Никогда не курите итальянского табака. Никогда и ни под каким видом. От одной мысли, из чего он, судя по всему, изготовляется, меня кидает в дрожь. Стоит только бросить окурок сигары, как тут же в него вцепляется какой-нибудь нищий. Я очень люблю курить, но мне действует на нервы вид этих охотников за окурками, которые исподтишка наблюдают за мной голодными глазами, прикидывая, надолго ли хватит моей сигары. Это слишком живо напоминает мне о том гробовщике в Сан-Франциско, который являлся в ложу умирающего с часами в руках и засекал время будущего клиента. Вчера в парке нас преследовал один из таких охотников, и нам ни разу не удалось покурить в свое удовольствие. Мы предпочитали ублаготворять его окурком, когда сигара не была еще выкурена и наполовину, – с таким злобным нетерпением он на нас поглядывал. Мне кажется, он считал нас своей законной добычей по праву первооткрывателя, потому что он отгонял других профессионалов, которые тоже хотели принять участие в разработке.

Совершенно несомненно, что они разжевывают эти окурки, сушат и продают в качестве курительного табака. Поэтому, покупая табак, избегайте итальянских марок.

«Великолепная», «Город дворцов» – так издавна называют Геную. Она действительно изобилует дворцами, и эти дворцы внутри роскошны, но снаружи они сильно пострадали от времени и не претендуют ни на какое архитектурное величие. Прозвище «Генуя Великолепная» было бы очень удачным, если бы подразумевались здешние женщины.

Мы осмотрели несколько дворцов – каменные громады с толстыми стенами, с широкими лестницами, с полами, выложенными мраморной мозаикой (иногда это очень сложные узоры, сделанные из цветных камешков или кусочков мрамора, скрепленных цементом), и с большими залами, где висят картины Рубенса, Гвидо Рени, Тициана, Паоло Веронезе и прочих, а также портреты предков в шлемах с перьями и рыцарских кольчугах и патрицианок в ослепительных нарядах давно прошедших времен. Но, разумеется, хозяева проводят лето в загородных виллах, да и будь они дома, они, возможно, все равно не пригласили бы нас к обеду, и поэтому пышные пустые залы, где наши шаги гулко отдавались на мраморном полу, где со стен угрюмо смотрели портреты мертвых прадедов, а на рваных знаменах лежала пыль веков, наводили на мысли о смерти и могиле, и наше настроение падало, веселость покидала нас. Мы ни разу не поднимались до одиннадцатого этажа. У нас каждый раз возникало подозрение, что там должны водиться духи. Кроме того, нас всегда сопровождал слуга самого похоронного вида; он снабжал нас каталогом, указывал на картину, с которой начиналось описание того зала, где мы находились, а затем мрачно застывал в мертвенной неподвижности, – даже ливрея казалась окаменевшей, – и выходил из этого состояния, только когда мы изъявляли желание пройти в следующий зал, после чего, угрюмо проводив нас туда, снова застывал в злобно-почтительной позе. Я тратил столько времени на молитвы о том, чтобы крыша обрушилась на этих наводящих уныние лакеев, что для осмотра дворца и картин у меня его почти не оставалось.

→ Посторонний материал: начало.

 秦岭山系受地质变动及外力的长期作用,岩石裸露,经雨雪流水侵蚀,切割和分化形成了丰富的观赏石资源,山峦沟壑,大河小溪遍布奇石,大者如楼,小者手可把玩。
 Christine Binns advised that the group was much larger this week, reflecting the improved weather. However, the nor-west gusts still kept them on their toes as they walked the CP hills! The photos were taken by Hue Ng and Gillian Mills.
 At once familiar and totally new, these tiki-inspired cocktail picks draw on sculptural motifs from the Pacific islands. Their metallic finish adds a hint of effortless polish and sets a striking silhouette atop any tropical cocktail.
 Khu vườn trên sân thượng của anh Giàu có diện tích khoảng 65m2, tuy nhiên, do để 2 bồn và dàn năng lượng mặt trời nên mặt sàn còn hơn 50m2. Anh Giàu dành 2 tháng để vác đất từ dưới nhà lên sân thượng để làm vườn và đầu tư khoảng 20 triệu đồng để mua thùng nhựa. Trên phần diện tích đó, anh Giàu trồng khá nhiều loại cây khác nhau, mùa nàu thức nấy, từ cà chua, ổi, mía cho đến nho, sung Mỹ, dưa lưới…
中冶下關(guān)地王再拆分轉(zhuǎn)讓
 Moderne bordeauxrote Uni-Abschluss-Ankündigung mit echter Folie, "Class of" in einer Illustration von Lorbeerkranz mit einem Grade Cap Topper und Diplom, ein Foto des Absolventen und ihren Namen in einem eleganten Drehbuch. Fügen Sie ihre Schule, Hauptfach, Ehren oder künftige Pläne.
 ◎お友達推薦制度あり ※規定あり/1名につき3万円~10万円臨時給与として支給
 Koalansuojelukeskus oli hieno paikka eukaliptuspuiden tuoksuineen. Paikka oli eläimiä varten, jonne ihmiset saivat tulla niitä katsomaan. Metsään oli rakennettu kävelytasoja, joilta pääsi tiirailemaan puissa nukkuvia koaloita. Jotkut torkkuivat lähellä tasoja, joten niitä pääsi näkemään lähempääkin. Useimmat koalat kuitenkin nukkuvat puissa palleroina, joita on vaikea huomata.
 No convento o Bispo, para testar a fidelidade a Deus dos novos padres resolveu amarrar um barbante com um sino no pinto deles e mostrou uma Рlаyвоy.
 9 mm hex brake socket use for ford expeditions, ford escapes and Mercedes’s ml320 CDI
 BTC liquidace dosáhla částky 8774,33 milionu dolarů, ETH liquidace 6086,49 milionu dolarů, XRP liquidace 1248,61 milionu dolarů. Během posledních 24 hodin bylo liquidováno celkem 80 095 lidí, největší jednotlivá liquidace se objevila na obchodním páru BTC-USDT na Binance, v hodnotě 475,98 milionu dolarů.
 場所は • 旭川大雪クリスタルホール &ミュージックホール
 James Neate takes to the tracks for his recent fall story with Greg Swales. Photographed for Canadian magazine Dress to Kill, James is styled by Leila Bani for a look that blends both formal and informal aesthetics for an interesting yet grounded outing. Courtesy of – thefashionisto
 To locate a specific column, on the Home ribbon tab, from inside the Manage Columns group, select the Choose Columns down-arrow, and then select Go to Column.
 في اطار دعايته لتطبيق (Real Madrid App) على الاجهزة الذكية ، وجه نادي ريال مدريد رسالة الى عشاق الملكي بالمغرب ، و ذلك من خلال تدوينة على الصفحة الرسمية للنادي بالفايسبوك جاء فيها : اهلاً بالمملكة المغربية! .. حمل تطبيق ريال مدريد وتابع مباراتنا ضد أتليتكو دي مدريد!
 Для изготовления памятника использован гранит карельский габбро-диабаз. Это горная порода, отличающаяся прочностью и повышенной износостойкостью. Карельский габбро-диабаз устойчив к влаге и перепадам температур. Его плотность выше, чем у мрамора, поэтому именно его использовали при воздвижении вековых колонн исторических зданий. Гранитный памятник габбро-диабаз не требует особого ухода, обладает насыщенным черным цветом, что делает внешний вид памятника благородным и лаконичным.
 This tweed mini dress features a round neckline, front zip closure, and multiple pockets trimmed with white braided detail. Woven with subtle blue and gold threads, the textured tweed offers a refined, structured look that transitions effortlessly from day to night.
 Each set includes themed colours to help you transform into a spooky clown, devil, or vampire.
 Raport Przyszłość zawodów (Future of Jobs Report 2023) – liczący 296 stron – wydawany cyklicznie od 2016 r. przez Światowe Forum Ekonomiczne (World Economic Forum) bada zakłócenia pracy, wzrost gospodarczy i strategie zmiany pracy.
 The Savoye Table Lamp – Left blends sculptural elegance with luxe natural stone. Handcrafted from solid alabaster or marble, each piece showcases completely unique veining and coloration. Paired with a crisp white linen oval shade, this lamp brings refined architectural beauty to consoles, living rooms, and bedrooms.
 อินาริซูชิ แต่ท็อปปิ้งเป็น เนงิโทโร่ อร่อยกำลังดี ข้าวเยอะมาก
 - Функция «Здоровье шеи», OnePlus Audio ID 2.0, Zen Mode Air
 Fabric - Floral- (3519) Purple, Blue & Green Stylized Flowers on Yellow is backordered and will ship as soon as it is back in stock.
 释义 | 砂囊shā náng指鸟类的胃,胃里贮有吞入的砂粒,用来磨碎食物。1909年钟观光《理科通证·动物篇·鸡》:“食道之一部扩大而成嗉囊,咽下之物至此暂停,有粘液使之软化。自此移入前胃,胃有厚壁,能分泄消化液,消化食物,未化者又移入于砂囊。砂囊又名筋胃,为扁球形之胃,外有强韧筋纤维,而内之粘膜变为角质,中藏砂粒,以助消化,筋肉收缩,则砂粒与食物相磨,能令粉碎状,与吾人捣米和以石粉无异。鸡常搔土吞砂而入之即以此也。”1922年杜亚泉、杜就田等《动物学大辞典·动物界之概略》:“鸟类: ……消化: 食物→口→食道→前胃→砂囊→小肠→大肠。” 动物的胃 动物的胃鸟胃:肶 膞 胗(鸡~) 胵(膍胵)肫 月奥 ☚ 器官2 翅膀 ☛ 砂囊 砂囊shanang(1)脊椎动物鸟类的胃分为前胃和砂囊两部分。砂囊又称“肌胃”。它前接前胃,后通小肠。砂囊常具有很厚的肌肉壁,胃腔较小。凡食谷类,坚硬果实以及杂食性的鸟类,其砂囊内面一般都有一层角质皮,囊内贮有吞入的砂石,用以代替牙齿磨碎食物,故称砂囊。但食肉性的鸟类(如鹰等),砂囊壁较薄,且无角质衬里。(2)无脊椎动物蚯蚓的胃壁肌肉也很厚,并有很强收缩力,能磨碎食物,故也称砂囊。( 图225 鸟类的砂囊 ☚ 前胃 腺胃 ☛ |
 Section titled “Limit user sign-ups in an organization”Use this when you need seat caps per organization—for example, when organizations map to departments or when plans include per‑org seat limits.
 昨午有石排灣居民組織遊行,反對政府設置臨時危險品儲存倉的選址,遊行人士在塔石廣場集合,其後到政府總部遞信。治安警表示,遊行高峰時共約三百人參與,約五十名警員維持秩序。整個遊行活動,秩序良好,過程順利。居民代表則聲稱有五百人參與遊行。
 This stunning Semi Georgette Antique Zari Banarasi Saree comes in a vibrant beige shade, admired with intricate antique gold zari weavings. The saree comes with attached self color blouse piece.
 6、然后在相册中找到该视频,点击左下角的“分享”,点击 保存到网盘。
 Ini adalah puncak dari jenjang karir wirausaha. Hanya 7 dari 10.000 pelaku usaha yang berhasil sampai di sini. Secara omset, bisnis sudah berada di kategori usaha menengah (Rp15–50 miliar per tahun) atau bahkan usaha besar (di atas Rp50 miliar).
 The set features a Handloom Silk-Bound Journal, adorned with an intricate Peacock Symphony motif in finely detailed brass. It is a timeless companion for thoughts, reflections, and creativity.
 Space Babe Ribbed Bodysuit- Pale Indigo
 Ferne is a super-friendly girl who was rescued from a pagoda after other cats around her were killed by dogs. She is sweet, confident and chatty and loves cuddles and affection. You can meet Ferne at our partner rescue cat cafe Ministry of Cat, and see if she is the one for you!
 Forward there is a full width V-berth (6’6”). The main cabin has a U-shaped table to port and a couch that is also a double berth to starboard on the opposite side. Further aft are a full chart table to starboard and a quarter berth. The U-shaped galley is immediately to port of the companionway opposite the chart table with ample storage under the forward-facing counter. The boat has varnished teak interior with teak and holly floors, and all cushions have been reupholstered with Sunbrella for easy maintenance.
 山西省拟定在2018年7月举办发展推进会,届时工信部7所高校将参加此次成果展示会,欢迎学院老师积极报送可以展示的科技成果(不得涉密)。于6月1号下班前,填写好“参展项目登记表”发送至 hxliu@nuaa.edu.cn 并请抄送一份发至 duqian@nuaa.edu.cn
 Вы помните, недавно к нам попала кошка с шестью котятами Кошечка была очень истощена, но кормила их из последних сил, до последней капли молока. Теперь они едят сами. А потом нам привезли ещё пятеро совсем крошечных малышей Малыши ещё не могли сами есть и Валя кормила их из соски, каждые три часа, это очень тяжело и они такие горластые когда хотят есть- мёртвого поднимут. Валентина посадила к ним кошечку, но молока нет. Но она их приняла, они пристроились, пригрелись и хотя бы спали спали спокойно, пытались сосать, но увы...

И к тому же, как и в Париже, у нас был гид. Да погибнут все и всяческие гиды! Этот заявил, что он лучший знаток английского языка во всей Генуе и что вообще здесь, кроме него, на этом языке говорят всего двое. Он показал нам место, где родился Христофор Колумб, и затем, после того как мы пятнадцать минут простояли в потрясенном молчании, сообщил, что здесь родился вовсе не Колумб, а его бабушка. Когда мы потребовали, чтобы он объяснил свое поведение, он просто пожал плечами и ответил на непостижимом итальянском. Я еще поговорю об этом гиде в одной из следующих глав. Все сведения, которыми он нас снабдил, мы без труда можем носить с собой.

Давно я не ходил в церковь так часто, как за последние недели. Жители этих древних стран, по-видимому, специализировались на церквах. Это особенно верно для граждан Генуи. По-моему, церкви в ней стоят через каждые триста-четыреста ярдов. Всюду на улицах мелькают упитанные священники в длинных сутанах и широкополых шляпах, и чуть ли не весь день напролет трезвонят десятки колоколов. Иногда попадаются монахи-францисканцы – с тонзурами, в длинных плащах из грубой материи, с веревками вместо пояса, с четками, с сандалиями на ногах или совсем босые. Эти достойные особы, как я полагаю, всю свою жизнь умерщвляют плоть всяческими эпитимьями, но, глядя на них, начинаешь опасаться, что в стране скоро наступит голод: они все жирные и ублаготворенные.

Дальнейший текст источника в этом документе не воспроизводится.